I started building an app with similar goals but with the very different approach. I work on my own coding agent, https://github.com/brainless/nocodo, where I have been trying to build a provenance based engine that will generate or modify prompts to point to the decisions that a team has made. That work is in the branch: feature/praxis_agent_runtime
While working on this I figured what if I build a proxy for coding agents - Claude Code, opencode, Codex, etc. support a proxy. This proxy would edit prompts and tool_calls and feed context from an internal index it will maintain.
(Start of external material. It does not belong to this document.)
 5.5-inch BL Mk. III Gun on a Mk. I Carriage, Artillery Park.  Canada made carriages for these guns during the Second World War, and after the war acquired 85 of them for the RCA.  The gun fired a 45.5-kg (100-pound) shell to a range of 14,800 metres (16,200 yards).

That index will contain git logs, GitHub/JIRA/etc tickets/epics, PRD or other documents, tech stack setup.
It is just an idea and may not work but working at the proxy layer means this can be deployed at a team level, needs no MCP install and can re-shape prompts for everyone depending on the project. Wild idea perhaps.
Author here! Coding agents kept reworking decisions we'd already settled - reviving an approach we ruled out in an ADR, redoing something a requirement already pinned. The context was in the repo; the agent had no current view of it.
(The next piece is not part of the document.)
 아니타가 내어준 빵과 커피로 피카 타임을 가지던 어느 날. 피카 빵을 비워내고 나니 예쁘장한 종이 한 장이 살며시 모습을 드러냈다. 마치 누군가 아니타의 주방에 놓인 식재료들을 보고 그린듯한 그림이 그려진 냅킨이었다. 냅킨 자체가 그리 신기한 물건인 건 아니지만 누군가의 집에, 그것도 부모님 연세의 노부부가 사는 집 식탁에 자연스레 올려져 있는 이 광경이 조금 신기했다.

Lore serves your team's durable knowledge - requirements, decisions, designs, roadmaps, prompts - all as typed Markdown, read-only to Claude Code / Cursor over MCP, so the agent cites your decisions instead of contradicting them.
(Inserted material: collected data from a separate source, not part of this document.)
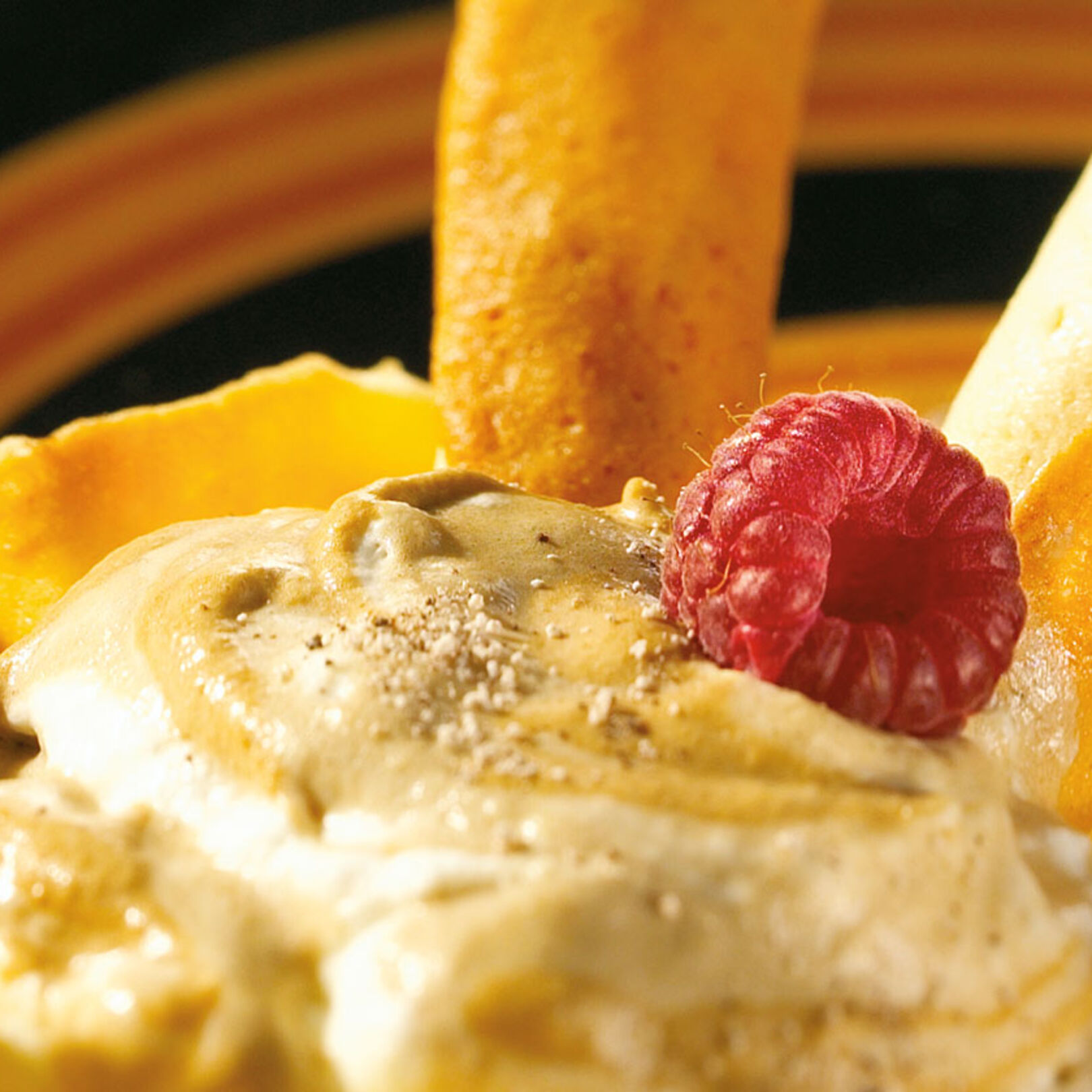 4. Für den Cappuccinoschaum: Eigelb, Ei und Zucker schaumig rühren, Cappuccinopulver zugeben, die Masse über dem heißen Wasserbad unter Rühren erwärmen, Marzipan Liqueur zugeben und so lange aufschlagen, bis sich das Volumen verdoppelt hat. Sahne steif schlagen und vorsichtig unterziehen. Cappuccinoschaum in Hippenschalen füllen, mit den Hippenröllchen und nach Wunsch mit frischen Himbeeren verziert servieren.
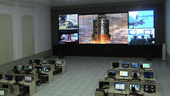В центре управления полетами наблюдают за запуском ракеты-носителя "Ынха-3" со спутником "Кванмёнсон-3" в КНДР
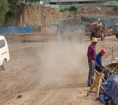 環(huán)境污染問題:施工場地未硬化,裸露工地未覆蓋,現(xiàn)場未濕法作業(yè),揚塵污染嚴(yán)重。
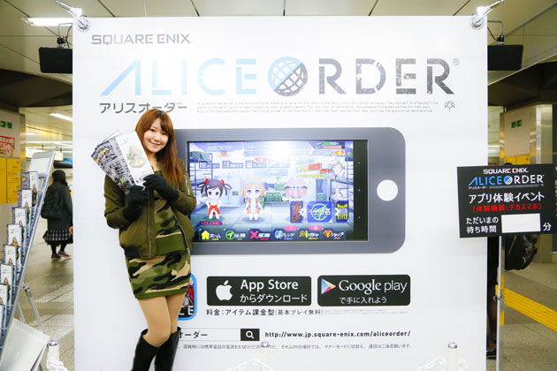 秋葉原駅構内に設置された特設会場では「アリスオーダー」のアプリを体験することができる。イベントコンパニオンがプレイ方法しっかり説明してくれるので、初めてアプリ体験をする人も楽しむことができる。また、体験した人には限定のノベルティグッズをプレゼント。
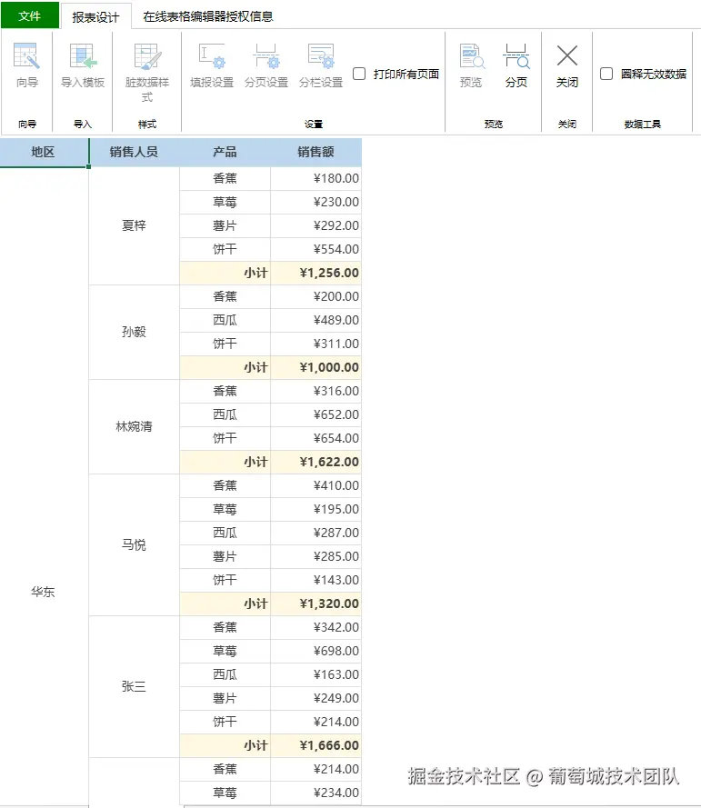 | 销售分组报表 报表数据源多为明细数据; 字段之间存在层级负责级别关系; 各层级包含独立的小计、合计扩展计算逻辑。 |

The bet: retrieval is deterministic. No embeddings, no vector store, no model call to pick what's relevant — same query, same bytes, same result, offline. It's not a RAG competitor; it composes — recall fuzzily, then verify the EXACT, CURRENT decision in Lore (it declines the ones you've superseded). Runs in CI (rac validate / rac gate) too.
pipx install rac-core
rac quickstart
claude mcp add lore -- rac mcp
What it isn't: a search index, a memory layer, or an AI feature — the engine makes no LLM calls, no telemetry unless you opt in. Early, and my corpus is small, so I'd like to hear where deterministic grounding breaks down for you vs. where fuzzy recall is enough.(Lore is the product; the engine under it is RAC — Requirements as Code, the `rac` package.) Apache-2.0, typed.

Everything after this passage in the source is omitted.